Hoffe, das ist leicht zu lösen und von mir nicht zu blöde gedacht!

Vielen Dank!


----------



## byte (12. Aug 2008)

Sorry, aber das ist totaler Blödsinn.

Offenbar fehlen Dir grundlegende Kenntnisse über HTML/JSP/Servlets/JS. Die solltest Du Dir erstmal anlernen. Ich kann hier schlecht alles erklären. Dafür fehlt mir Zeit und Anreiz.


----------



## Bowser (12. Aug 2008)

Schade, dachte ich könnte hier hilfe bekommen


----------



## byte (12. Aug 2008)

Die Lösung zu Deinem Problem steht längst in diesem Thread, aber Dir fehlen die Grundlagen, um diese umzusetzen.


----------



## Bowser (12. Aug 2008)

Wieso? Ich dachte über die JS Funktion wird die Form submitted, dadurch also auch der ausgewählte Wert des Benutzers übertragen.
Dieser Wert soll in eine Variable übertragen werden.
Und das ganze Formular darf ja nicht wirklich übergeben werden, dies soll der Benutzer später über einen Button machen. Ziel ist es ja, den ausgewählten Wert, direkt nach der Auswahl in einer String Variablen zu speichern.
Diese soll später den Inhalt übergeben


----------



## byte (12. Aug 2008)

Du mixt jetzt willt JS und Java-Code. So klappt das nicht.

Wenn du onchange das Submit machst, kannst Du im Servlet die Selektion der Drop Down Liste auslesen und damit anstellen, was Du willst.

Wenn es Dir nur darum geht, die aktuelle Selektion irgendwo auf der Seite anzuzeigen, dann kannst Du das natürlich mit JS machen. Dann kannst Du aber nicht einfach die JS-Variable per Scriptlet verarbeiten.


----------



## Bowser (12. Aug 2008)

Genau das ist ja mein problem.
Der User soll den Inhalt aus der Liste auswählen und im JAVA Code innerhalb der JSP, die auch das Drop Down enthält, soll der ausgwählte Wert als String variable weiter verarbeitet werden.
Dabei soll der User dann eben keinen Button drücken müssen.
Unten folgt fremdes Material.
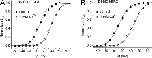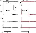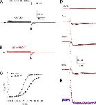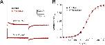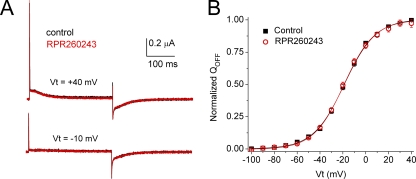Figure 11. RPR260243 has no effect on hERG1 channel gating currents. (A) Gating currents for WT hERG1 channels measured at test potentials of −10 and +40 mV before (black traces) or 25 min after exposure of an oocyte to 30 µM RPR260243 (red traces). For these experiments, the currents were filtered at 5 kHz and digitized at 20 kHz. (B) Average QOFF-V relationships determined under control conditions and after the treatment of the same oocytes with 30 µM RPR260243 for 20–25 min (n = 5). QOFF was normalized to the peak of the control value for each oocyte. Data were fitted with a Boltzmann function (smooth curves). In control conditions, V1/2 = −18.6 ± 0.5 mV and z = 1.84 ± 0.01. In the presence of RPR260243, V1/2 = −19.0 ± 0.5 mV and z = 1.88 ± 0.01. |

Sonst könnte das formular ja einfach in einer anderen Page per request ausgelesen werden...


----------



## byte (12. Aug 2008)

Noch ein allerletztes Mal: Du musst dafür die Form submitten! Das geht nur mit JS ohne Submit-Button (s. oben).

Nur dadurch wird der Inhalt der Form per Request ans Servlet übertragen. Du kannst dann im Servlet den Wert in den Response schreiben und auf die gleiche Seite forwarden. Dort hast Du den Wert dann "in Java" verfügbar.


----------



## Guest (12. Aug 2008)

Du solltest dir mal den grundlegenden Unterschied von JavaScript (was im Browser des Benutzers läuft )und JSP (was auf dem Server läuft) klar machen.


----------